I did however have a choice in how to handle it. I chose to drift for about a year, feeling nothing. Even doing theatre, which is my true passion in life (definitely more on that later), meant very little to me. I don't remember much about that year, but the climax that woke me up was making a very bad choice. That choice forced me to take a hard look at who I was and who wanted to be at that moment, as opposed to wanting to be the woman I was working toward when I was with him. I kept holding on to that part of myself, waiting for that reality and future to return to my life, and that thinking is what kept me stuck for that year. I desperately needed to completely redefine myself. As one example, I cut off my long hair, which was a huge deal for those who knew me. I was raised as my parents' princess, so I always kept long locks to reflect that. But I was a princess no longer due to the choices I made. I needed a physical change that helped me cope with that and face it.

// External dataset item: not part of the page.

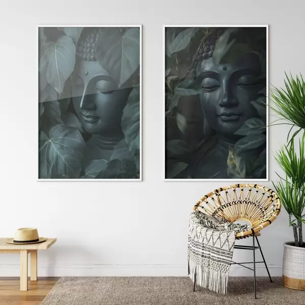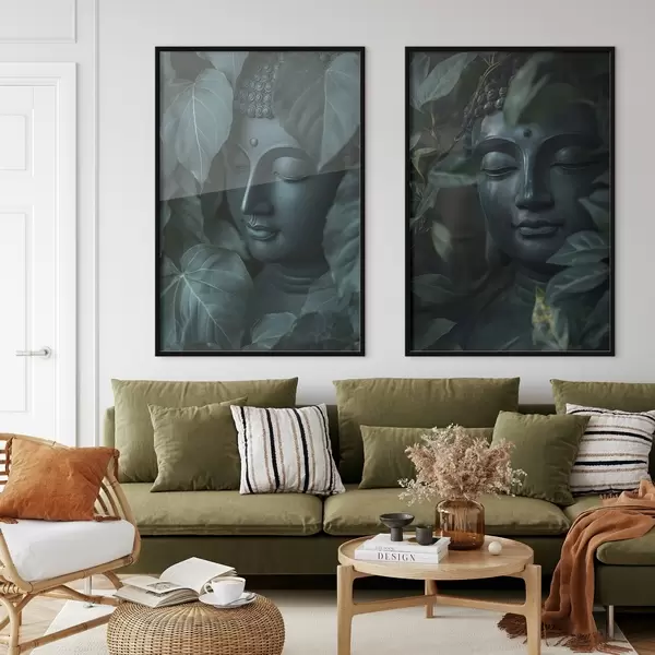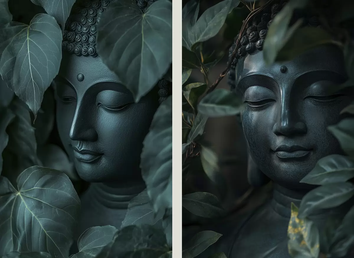 Plakat Medytacyjny Budda w zielonych liściach, buddyzm, tropikalny, realizm d00447
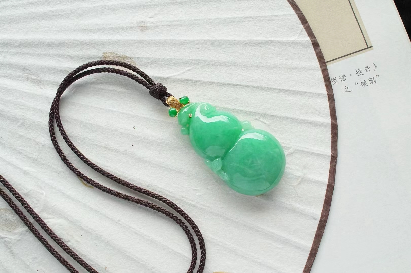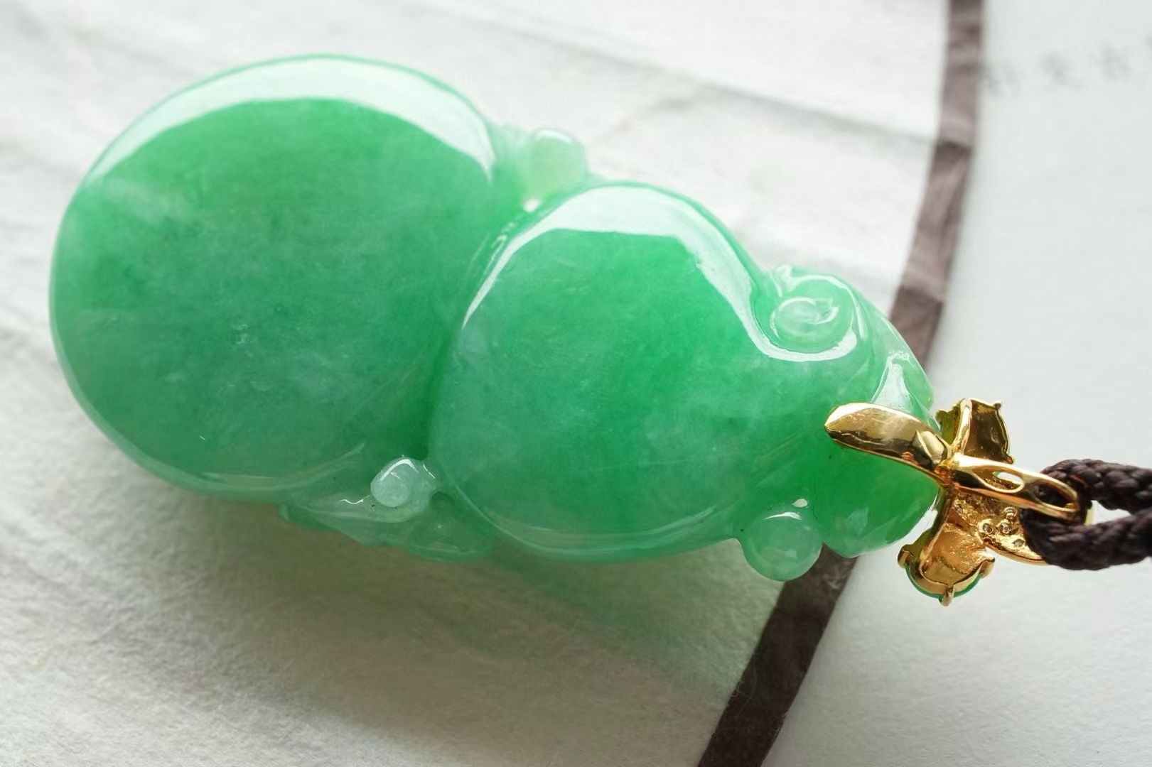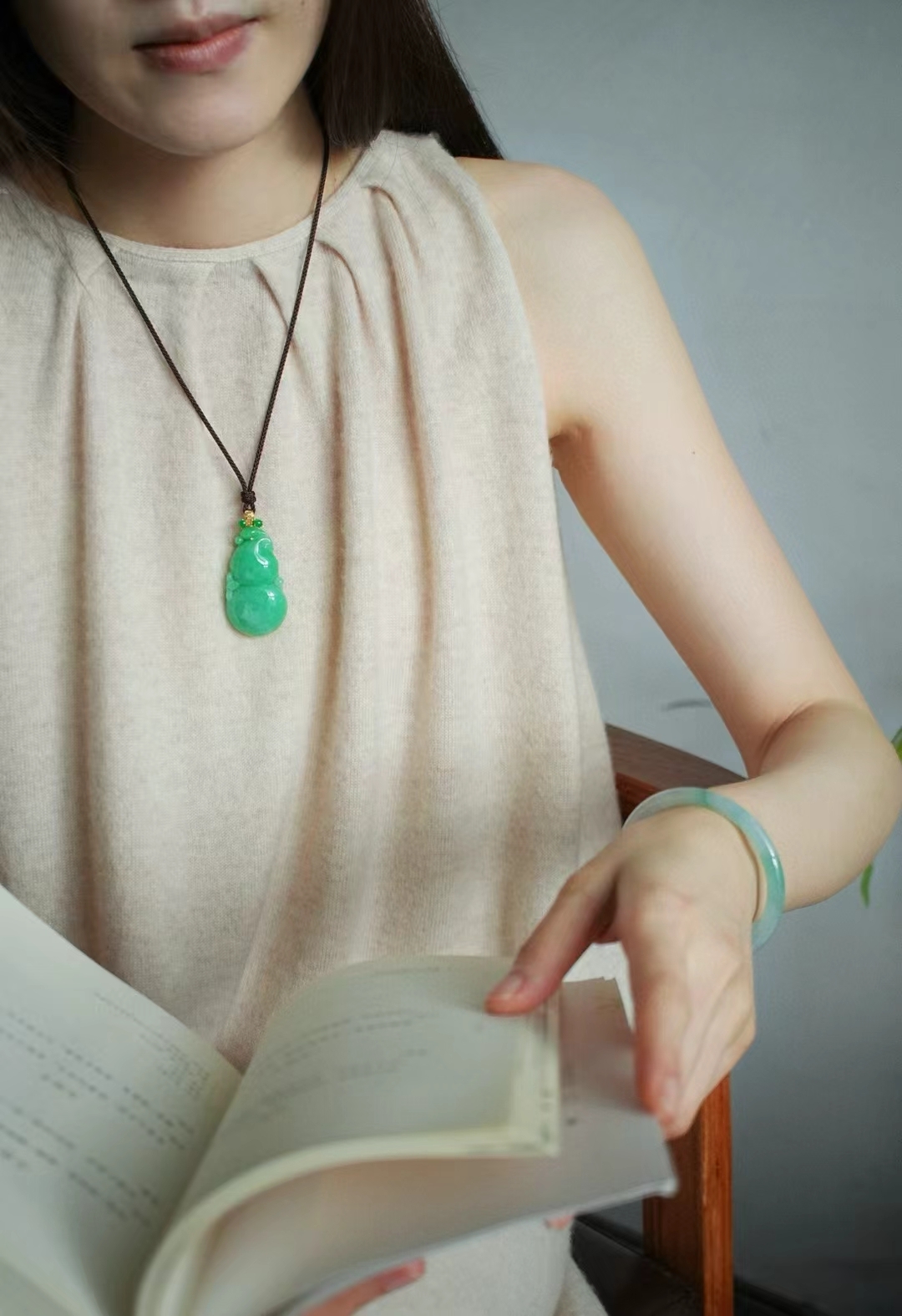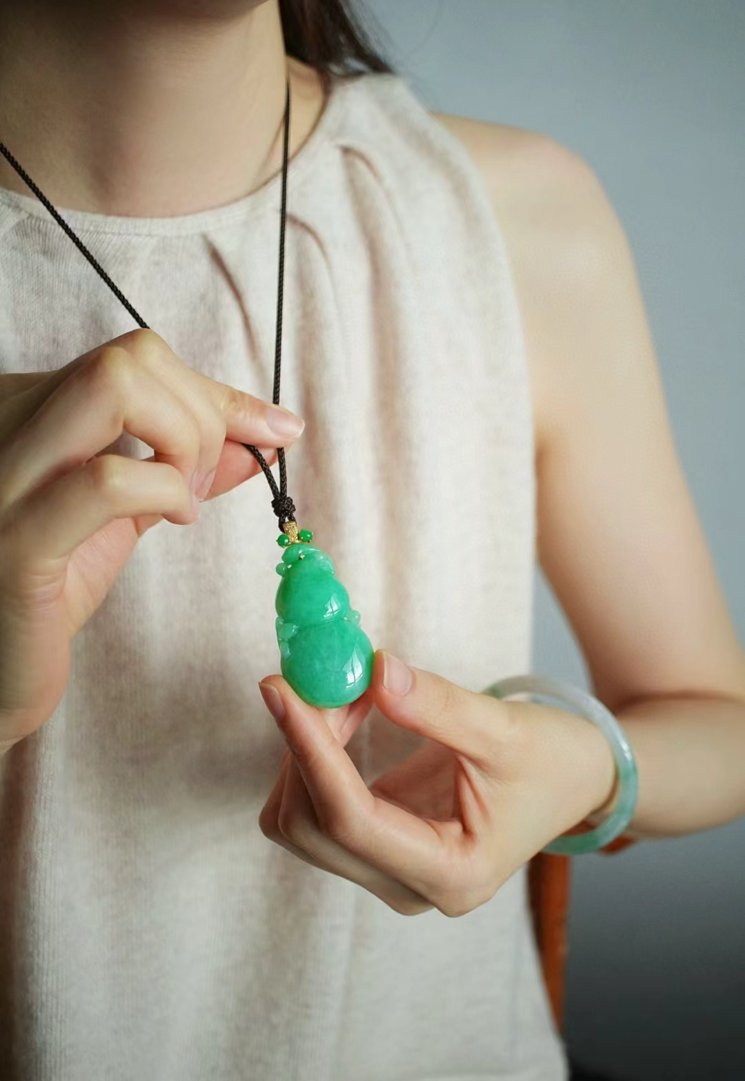 天然翡翠A玉,緬料老坑種,明媚甜美,果陽綠。飽滿厚實的葫蘆,古拙耐看。寓意“福祿雙全”,有福有財。

So this last year has been about finding solid ground to stand on within myself. About letting go of the past, and finding a new future to work towards. There have been mistakes and relapses, but I do feel more confident in myself, meaning I can stand and lift my head, as opposed to weeping on the ground constantly. I feel more definite now in who I am.

But I can feel myself falling back into bad habits now. I'm being rather timid, trying to please other people rather than myself, and not speaking up anymore. Part of it I'm sure is attempting to reconcile with my "ex" (I have always hated that word, it sounds like I've completely negated who he was to me and him as a person) as we keep running in the same circles and we are currently working on a project together. I feel the way I did when he first left, that same girl lying down through life, feeling nothing, praying things will go back to the way they were. I despise that "person" I was back then, yet here I am. This is not his fault, it's mine. As my sister likes to quote from The Princess Diaries, "No one can make you feel inferior without your consent." I am slipping back into this persona because it's familiar. That terrifies me.

So this blog is an attempt to get myself back on track and remind myself that "Fortune favors the brave," not the "Content to merely exist." I feel the need to be honest with myself when I write and not embellish. And putting it all online is just another great push not to lie to myself. So if others read this, awesome. If not, it will force me to examine myself and tell the truth about who I am, where I want to be, and how I want to get there. So it's a win-win!

Thanks for reading this far, and I hope to share my adventures and discoveries with you.